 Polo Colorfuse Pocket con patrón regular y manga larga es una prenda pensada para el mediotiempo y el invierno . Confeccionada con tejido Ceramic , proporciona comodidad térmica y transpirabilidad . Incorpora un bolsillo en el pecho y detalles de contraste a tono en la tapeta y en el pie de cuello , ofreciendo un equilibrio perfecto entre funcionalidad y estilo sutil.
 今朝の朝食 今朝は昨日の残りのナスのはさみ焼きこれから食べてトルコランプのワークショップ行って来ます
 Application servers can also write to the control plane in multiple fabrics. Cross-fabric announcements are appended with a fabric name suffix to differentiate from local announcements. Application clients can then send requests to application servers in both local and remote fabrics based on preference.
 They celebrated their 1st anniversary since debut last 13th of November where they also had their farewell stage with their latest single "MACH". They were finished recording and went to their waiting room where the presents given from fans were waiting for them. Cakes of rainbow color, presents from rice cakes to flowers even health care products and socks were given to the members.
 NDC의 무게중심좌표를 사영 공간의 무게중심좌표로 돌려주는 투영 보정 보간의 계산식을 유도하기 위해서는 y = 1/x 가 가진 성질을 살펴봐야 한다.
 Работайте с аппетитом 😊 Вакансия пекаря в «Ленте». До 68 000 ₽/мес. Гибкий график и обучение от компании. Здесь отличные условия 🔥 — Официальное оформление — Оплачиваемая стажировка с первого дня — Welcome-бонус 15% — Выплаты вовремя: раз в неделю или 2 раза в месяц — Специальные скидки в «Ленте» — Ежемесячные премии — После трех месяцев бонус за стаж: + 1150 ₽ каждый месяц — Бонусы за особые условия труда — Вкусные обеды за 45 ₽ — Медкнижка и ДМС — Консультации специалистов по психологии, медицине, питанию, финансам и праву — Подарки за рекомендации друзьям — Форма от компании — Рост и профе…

● ● ● ● ●

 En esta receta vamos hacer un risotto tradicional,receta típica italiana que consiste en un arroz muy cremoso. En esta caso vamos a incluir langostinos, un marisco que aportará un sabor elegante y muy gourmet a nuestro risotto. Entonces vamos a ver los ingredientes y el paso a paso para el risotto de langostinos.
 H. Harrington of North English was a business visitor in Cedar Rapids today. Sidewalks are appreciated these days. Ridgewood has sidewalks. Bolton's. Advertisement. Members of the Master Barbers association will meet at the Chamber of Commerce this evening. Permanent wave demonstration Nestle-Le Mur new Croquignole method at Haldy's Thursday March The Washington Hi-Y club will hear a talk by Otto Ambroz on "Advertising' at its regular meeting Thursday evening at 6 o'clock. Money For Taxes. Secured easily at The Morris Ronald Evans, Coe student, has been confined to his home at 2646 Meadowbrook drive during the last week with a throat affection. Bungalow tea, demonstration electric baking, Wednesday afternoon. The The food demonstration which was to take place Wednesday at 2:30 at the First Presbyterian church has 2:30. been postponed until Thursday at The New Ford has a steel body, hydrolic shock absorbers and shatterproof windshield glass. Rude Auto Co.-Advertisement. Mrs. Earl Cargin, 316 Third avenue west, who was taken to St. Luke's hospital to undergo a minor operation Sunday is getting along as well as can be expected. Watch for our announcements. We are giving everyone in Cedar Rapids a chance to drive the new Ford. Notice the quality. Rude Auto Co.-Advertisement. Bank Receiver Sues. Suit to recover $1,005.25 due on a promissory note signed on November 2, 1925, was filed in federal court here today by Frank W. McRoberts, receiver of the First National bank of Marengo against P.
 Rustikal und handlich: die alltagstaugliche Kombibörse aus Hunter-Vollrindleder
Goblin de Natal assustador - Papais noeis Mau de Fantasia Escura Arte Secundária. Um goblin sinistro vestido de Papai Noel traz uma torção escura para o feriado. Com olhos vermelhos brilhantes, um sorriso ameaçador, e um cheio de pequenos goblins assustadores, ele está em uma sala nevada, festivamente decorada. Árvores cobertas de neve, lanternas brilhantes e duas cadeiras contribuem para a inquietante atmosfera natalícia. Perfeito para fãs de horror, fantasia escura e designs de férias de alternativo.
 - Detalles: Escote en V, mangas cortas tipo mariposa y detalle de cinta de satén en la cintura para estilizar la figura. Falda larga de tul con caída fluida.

● ● ● ● ●

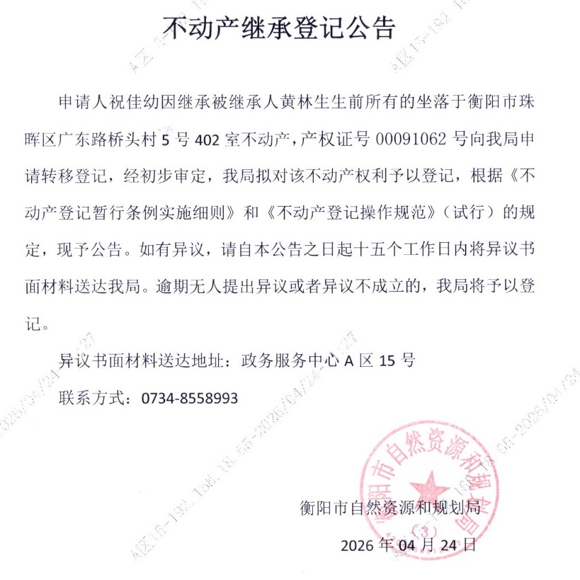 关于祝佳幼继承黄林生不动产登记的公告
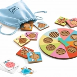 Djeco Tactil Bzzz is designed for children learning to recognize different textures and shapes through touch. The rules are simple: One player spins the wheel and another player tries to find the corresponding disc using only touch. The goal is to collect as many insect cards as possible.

● ● ● ● ●

> [Task to carry out]: Above are the entries. Output exactly the lines beginning with the line that has "Polo Colorfuse Pocket" and ending with the line that has "Application servers can".

> [Written solution]:
 Polo Colorfuse Pocket con patrón regular y manga larga es una prenda pensada para el mediotiempo y el invierno . Confeccionada con tejido Ceramic , proporciona comodidad térmica y transpirabilidad . Incorpora un bolsillo en el pecho y detalles de contraste a tono en la tapeta y en el pie de cuello , ofreciendo un equilibrio perfecto entre funcionalidad y estilo sutil.
 今朝の朝食 今朝は昨日の残りのナスのはさみ焼きこれから食べてトルコランプのワークショップ行って来ます
 Application servers can also write to the control plane in multiple fabrics. Cross-fabric announcements are appended with a fabric name suffix to differentiate from local announcements. Application clients can then send requests to application servers in both local and remote fabrics based on preference.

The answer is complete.